» Work order
Leave the pictures in the listing below aside and reproduce exactly the lines starting with the one with "3.6. Lóð. Lóð" and going on through the one with "Subtle linear textures", both ends included.

» Data for review
--- START ---

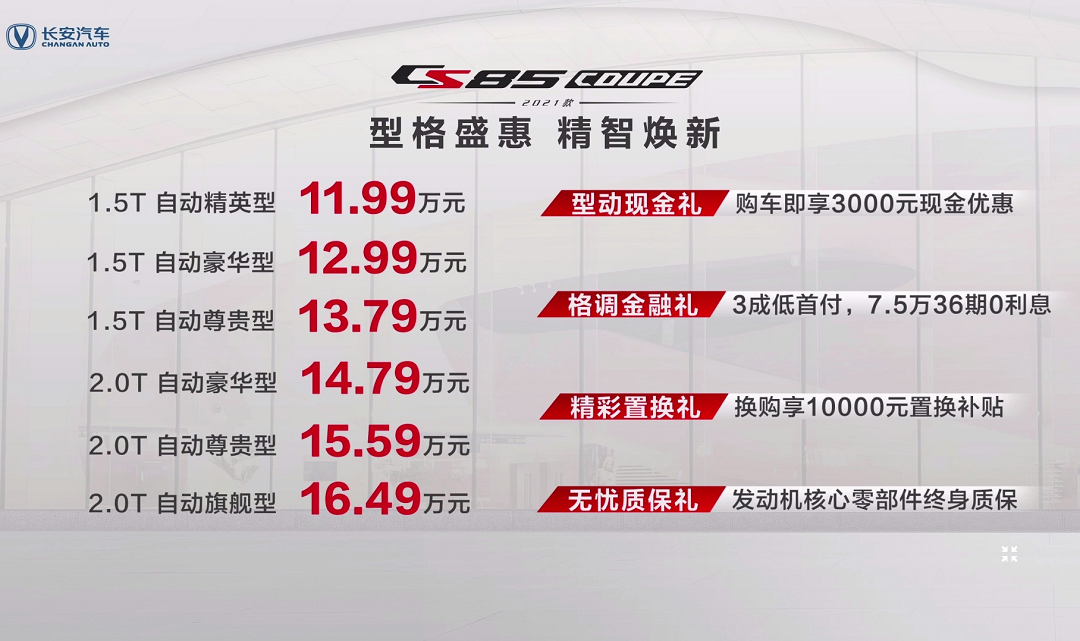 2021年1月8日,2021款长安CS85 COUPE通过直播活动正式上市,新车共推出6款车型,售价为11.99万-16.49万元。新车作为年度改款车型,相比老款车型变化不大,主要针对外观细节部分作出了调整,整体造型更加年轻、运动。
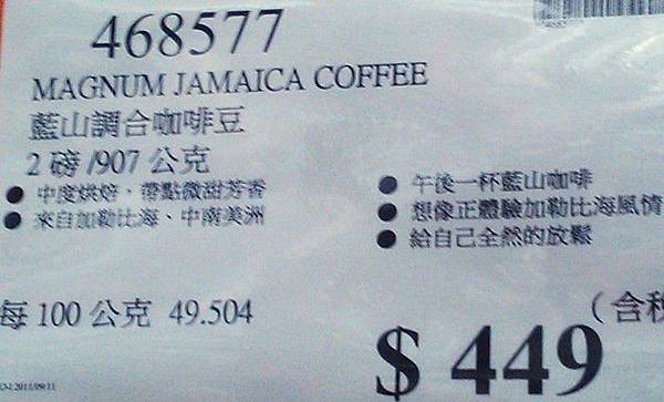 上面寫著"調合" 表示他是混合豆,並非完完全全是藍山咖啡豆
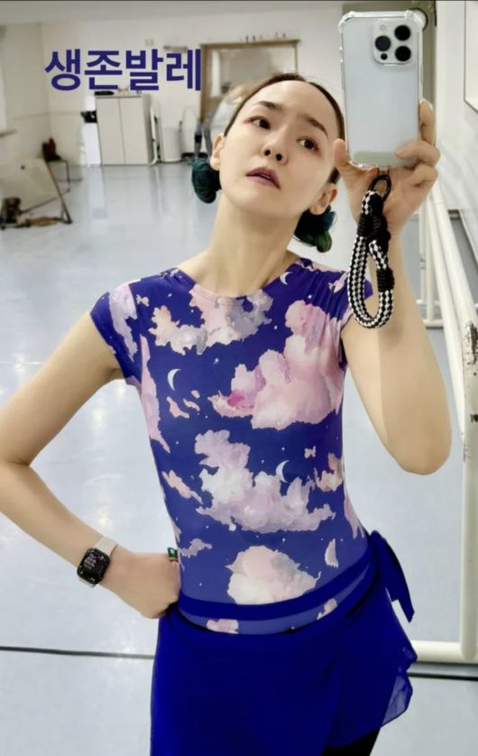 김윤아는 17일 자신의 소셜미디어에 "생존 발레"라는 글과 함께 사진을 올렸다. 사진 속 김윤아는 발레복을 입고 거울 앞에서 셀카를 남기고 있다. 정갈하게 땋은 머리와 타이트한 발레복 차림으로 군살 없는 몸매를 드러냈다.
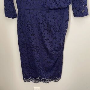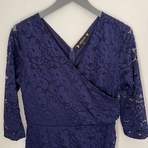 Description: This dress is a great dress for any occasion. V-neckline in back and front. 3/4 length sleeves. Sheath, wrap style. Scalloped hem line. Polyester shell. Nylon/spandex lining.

--- END ---
--- START ---

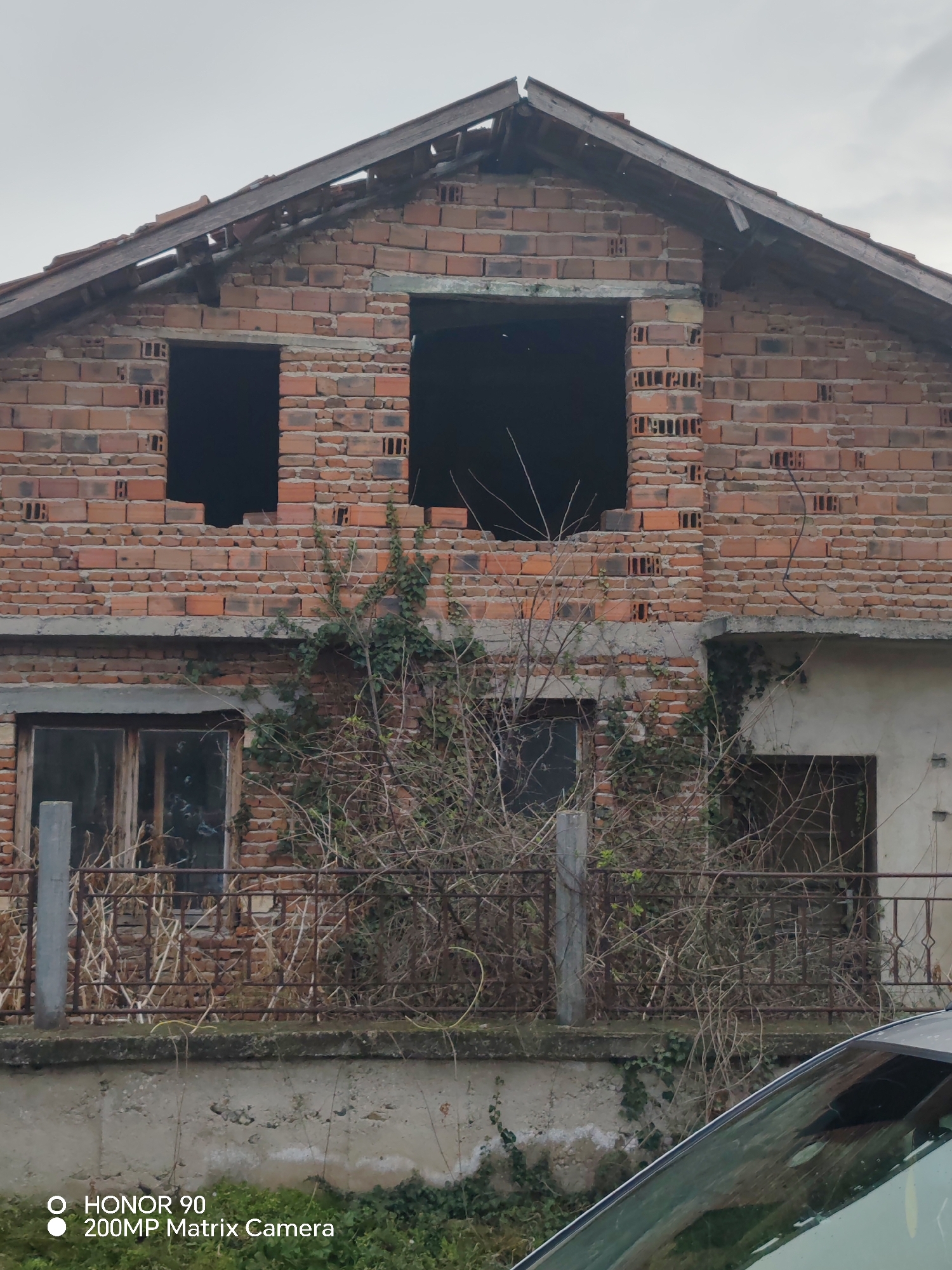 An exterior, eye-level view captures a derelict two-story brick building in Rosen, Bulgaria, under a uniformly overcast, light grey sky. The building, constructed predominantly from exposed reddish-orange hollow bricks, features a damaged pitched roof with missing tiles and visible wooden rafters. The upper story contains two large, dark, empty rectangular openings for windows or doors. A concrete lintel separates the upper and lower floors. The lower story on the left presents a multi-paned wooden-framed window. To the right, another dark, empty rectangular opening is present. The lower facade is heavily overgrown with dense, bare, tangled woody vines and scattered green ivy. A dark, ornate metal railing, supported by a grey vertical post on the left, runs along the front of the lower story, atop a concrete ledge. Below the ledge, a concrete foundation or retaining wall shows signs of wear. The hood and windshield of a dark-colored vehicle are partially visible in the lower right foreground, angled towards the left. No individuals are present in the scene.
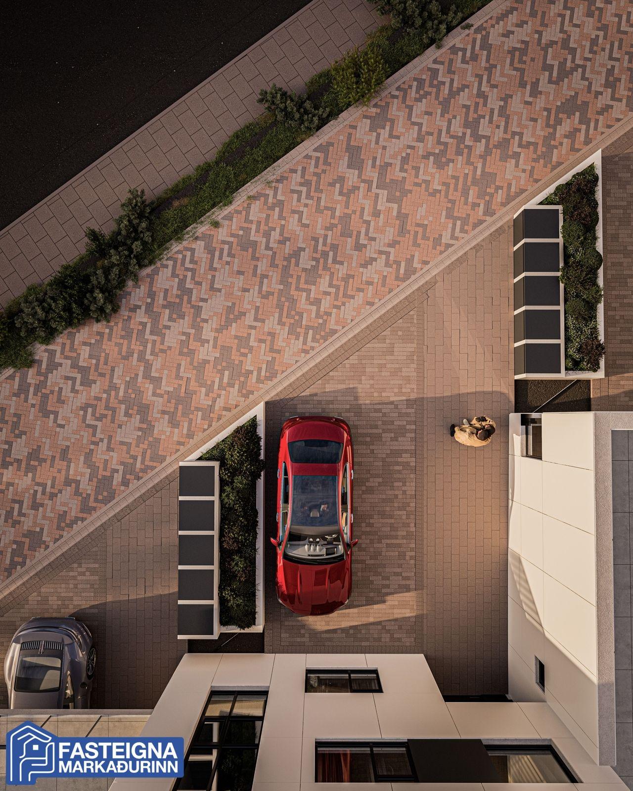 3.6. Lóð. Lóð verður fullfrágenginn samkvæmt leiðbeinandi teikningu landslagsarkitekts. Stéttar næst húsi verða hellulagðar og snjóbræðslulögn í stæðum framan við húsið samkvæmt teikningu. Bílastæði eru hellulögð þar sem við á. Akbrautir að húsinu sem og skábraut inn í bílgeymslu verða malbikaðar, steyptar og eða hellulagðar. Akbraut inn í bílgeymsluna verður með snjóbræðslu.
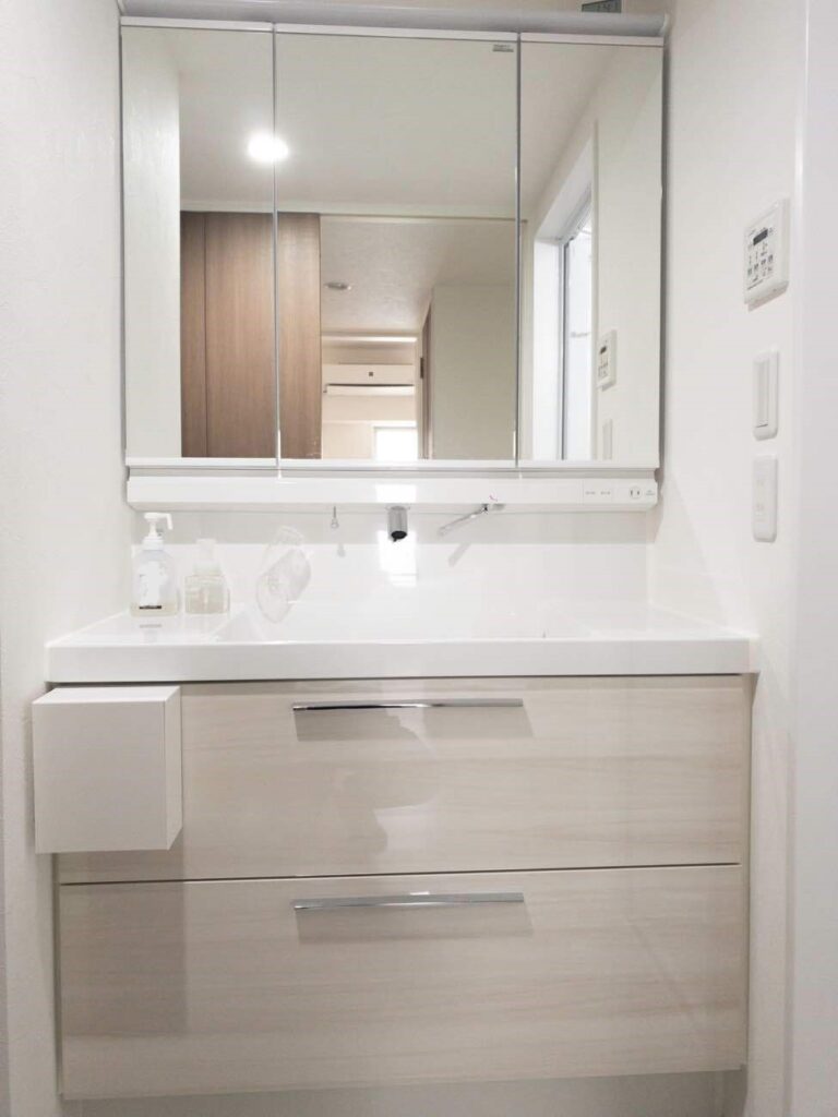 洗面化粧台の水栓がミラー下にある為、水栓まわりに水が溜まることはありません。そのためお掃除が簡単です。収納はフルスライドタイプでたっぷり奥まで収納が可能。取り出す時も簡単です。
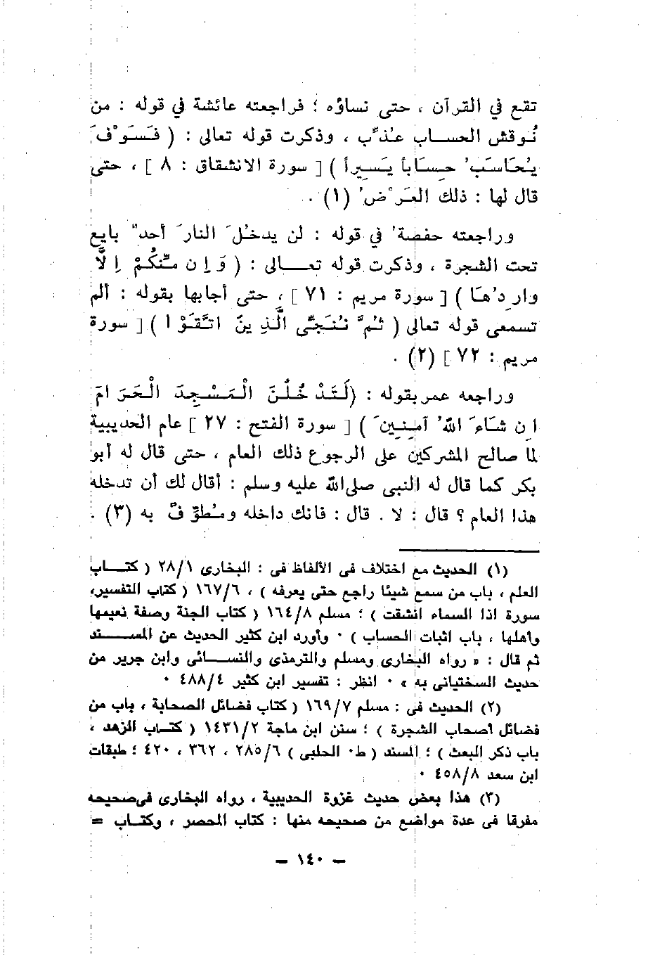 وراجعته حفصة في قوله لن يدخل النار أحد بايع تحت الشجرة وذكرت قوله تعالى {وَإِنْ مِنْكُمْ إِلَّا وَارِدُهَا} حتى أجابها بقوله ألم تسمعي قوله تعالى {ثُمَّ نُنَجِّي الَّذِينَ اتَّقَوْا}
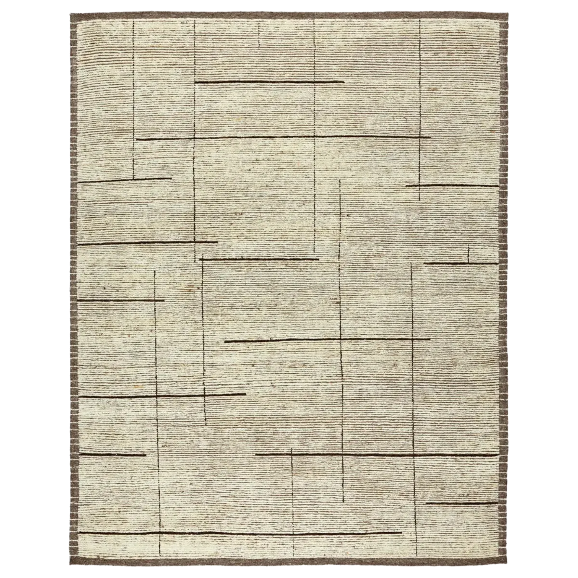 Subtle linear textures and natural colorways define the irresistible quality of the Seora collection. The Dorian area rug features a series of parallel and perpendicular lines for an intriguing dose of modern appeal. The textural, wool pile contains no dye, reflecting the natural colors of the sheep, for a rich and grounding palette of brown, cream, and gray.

--- END ---
--- START ---

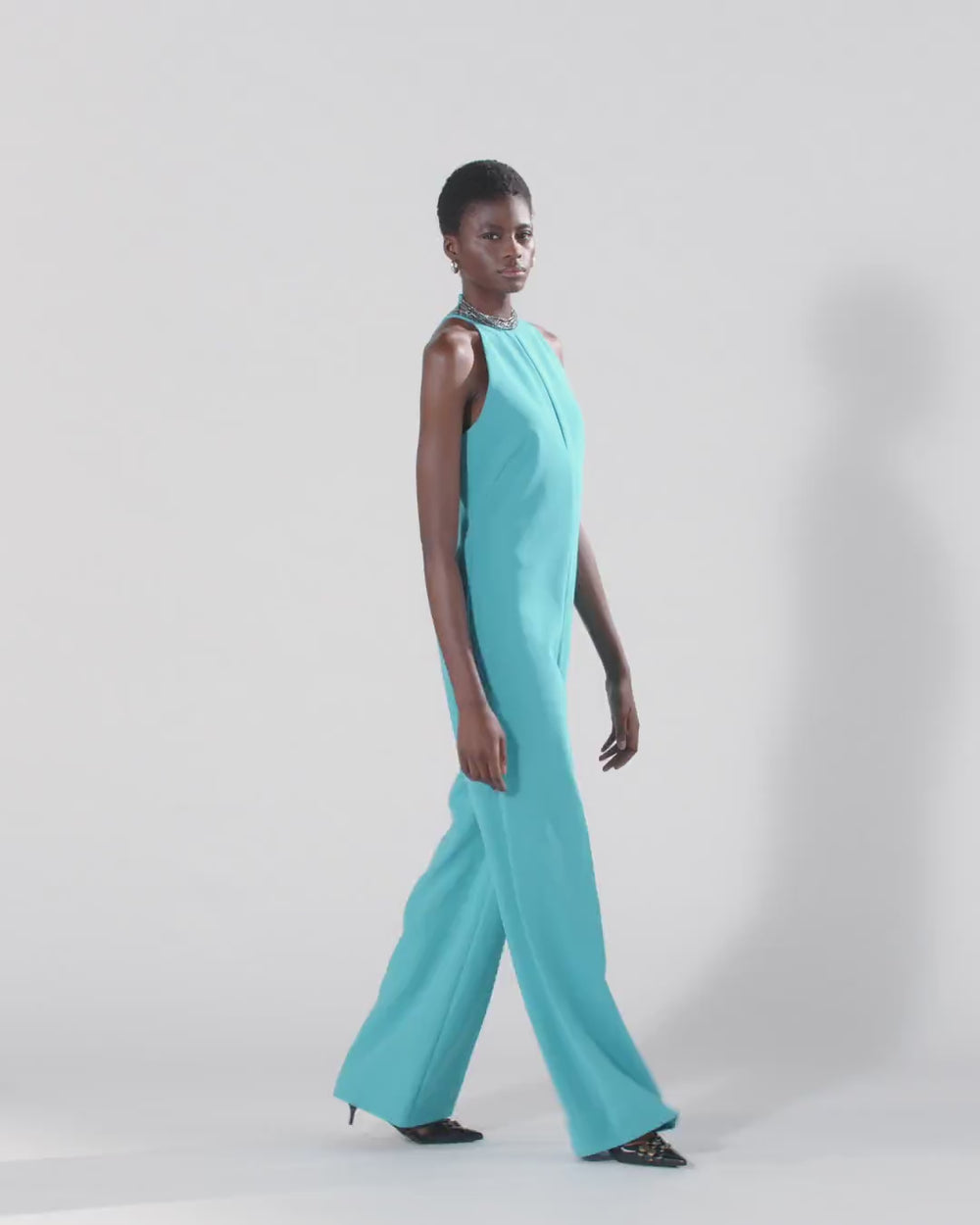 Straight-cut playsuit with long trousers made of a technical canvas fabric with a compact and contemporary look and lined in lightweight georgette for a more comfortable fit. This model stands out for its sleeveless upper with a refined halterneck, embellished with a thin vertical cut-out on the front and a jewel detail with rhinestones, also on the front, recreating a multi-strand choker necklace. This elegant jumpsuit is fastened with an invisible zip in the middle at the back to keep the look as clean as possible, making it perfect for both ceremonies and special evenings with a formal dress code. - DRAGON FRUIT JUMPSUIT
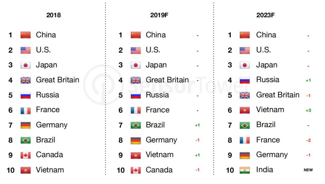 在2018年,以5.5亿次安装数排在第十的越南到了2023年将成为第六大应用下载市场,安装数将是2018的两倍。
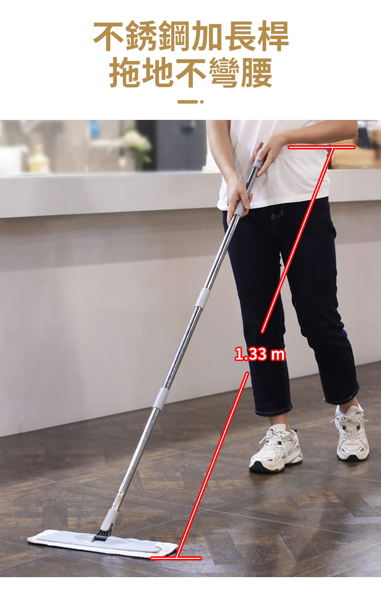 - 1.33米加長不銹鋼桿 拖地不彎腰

--- END ---

» Answer below
 3.6. Lóð. Lóð verður fullfrágenginn samkvæmt leiðbeinandi teikningu landslagsarkitekts. Stéttar næst húsi verða hellulagðar og snjóbræðslulögn í stæðum framan við húsið samkvæmt teikningu. Bílastæði eru hellulögð þar sem við á. Akbrautir að húsinu sem og skábraut inn í bílgeymslu verða malbikaðar, steyptar og eða hellulagðar. Akbraut inn í bílgeymsluna verður með snjóbræðslu.
 洗面化粧台の水栓がミラー下にある為、水栓まわりに水が溜まることはありません。そのためお掃除が簡単です。収納はフルスライドタイプでたっぷり奥まで収納が可能。取り出す時も簡単です。
 وراجعته حفصة في قوله لن يدخل النار أحد بايع تحت الشجرة وذكرت قوله تعالى {وَإِنْ مِنْكُمْ إِلَّا وَارِدُهَا} حتى أجابها بقوله ألم تسمعي قوله تعالى {ثُمَّ نُنَجِّي الَّذِينَ اتَّقَوْا}
 Subtle linear textures and natural colorways define the irresistible quality of the Seora collection. The Dorian area rug features a series of parallel and perpendicular lines for an intriguing dose of modern appeal. The textural, wool pile contains no dye, reflecting the natural colors of the sheep, for a rich and grounding palette of brown, cream, and gray.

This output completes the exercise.